On his semi-recent tour of Australia and Middle Earth, Jason Robert Brown held a number of live gigs as well as some public masterclasses. About two thirds of the way through his Melbourne master class he decided to explain the realities of auditioning for a Broadway show to those in attendance. Luckily for you I was one of them.
Look at him. This guy knows what he's talking about.
Facts About Auditioning for Jason Robert Brown
Fact 1. From the moment your foot appears around the corner of the door if you don’t LOOK like the character JRB wants he won’t even listen to you sing.
Fact 2. If you DO look like the character JRB wants he will listen to the first note you sing. Then, if you don’t SOUND like the character JRB wants he won’t listen to another thing.
Fact 3. If you LOOK and SOUND like the character JRB wants you will have his full attention for the remainder of the audition.
Sure, you may think that makes JRB sound like a pretentious wanker but that is simply the reality of our industry – and we should be thankful that he chose to be honest and direct about it without perpetuating the fantasies that many in our community have.
He went on…
Audition Song Choice
Why would you sing a song by a character whose background, race, colour, or some other feature outside of your control differs from your own? As beautiful as it may be, no white man is ever going to sing “Let them Hear You” in a production of Ragtime – even practicing it is a waste of your time. Likewise, no white woman is ever going to be cast as Kim in Miss Saigon so singing “I’d Give My Life For You” isn’t going to help you either.
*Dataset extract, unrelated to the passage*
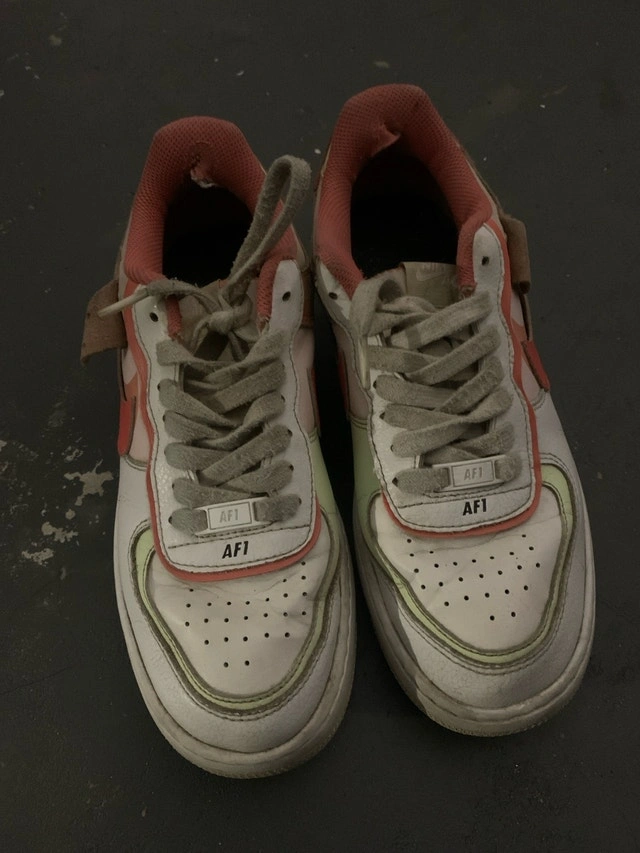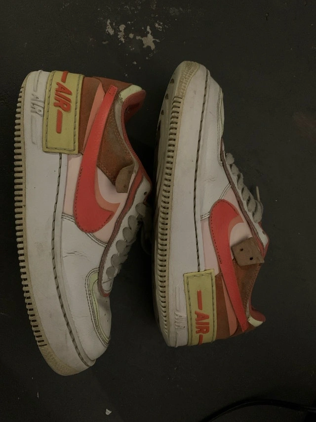 Step up your shoe game with these Nike Air Force 1 Shadow sneakers! These unique shoes feature a layered design and vibrant colour accents that add a playful twist to the classic Air Force 1 silhouette, perfect for making a statement, but also show signs of wear.

That's actually Marina Prior. Amazing what they can do with makeup these days. Photo: Joan Marcus
JRB also spoke about boxes. All performers fit into a box and working outside of that box is not going to get you cast. Why sing “I Cain’t Say No” when you’re a belter, have only ever been cast as a belter, and only ever will be cast as a belter? Similarly, if you’re a character actor, why sing “Don’t Cry for Me Argentina” when you’re only ever going to be cast as Mae in Lippa’s The Wild Party or Columbia in Rocky Horror? Find your box and work to your strengths. Look at the greats – Patti LuPone is Patti LuPone in everything she does; Bernadette Peters is the same and, closer to home, so is Anothony Warlow. They found their box and they worked it. You’ll never see Warlow playing Mark Cohen in RENT and the idea itself is laughable. It would truly be a square peg in a round hole.
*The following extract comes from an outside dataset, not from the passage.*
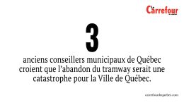 -3 anciens conseillers municipaux de Québec croient que l’abandon du tramway serait une catastrophe pour la Ville de Québec. Ces…
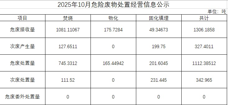 2025年10月危險(xiǎn)廢物處置經(jīng)營(yíng)信息公示

Anthony just heard about the new Spice Girls musical. Photo: Quentin Jones
There are some spectacular examples of performers working outside their box and failing. Have you heard Idina Menzel as Florence in Chess in Concert? Horrific. And why? Because her box is green, belty, and melts when you add water.
Finally, JRB said the same thing you always hear when the pros talk about auditioning but, for some reason, it regularly seems to be ignored. KNOW THE CHARACTER YOU ARE AUDITIONING FOR. It sounds simple but if more people truly understood the role and their own abilities I can guarantee that fewer and fewer roles would fit into their box. And that’s not such a bad thing. Consider these two outcomes:
1. You did one audition for a role that fits within your box and you were close to perfect for but missed out to the only other auditionee truly suited for the role, or
2. You did thirty auditions for no roles that actually suited you and felt crap after every single one because you were delusional about your suitability for the role and couldn’t actually appreciate that you weren’t cast because it’s a role you never should have considered auditioning for in the first place.
I know which one I’d prefer.
Again, these are the realities of our industry and far too many of us are still rolling around in their portable, hyperbaric bubbles completely ignorant to the hard truths that are easy to find if only you have the sense to look for them. The sooner more of us face reality and find a box the better.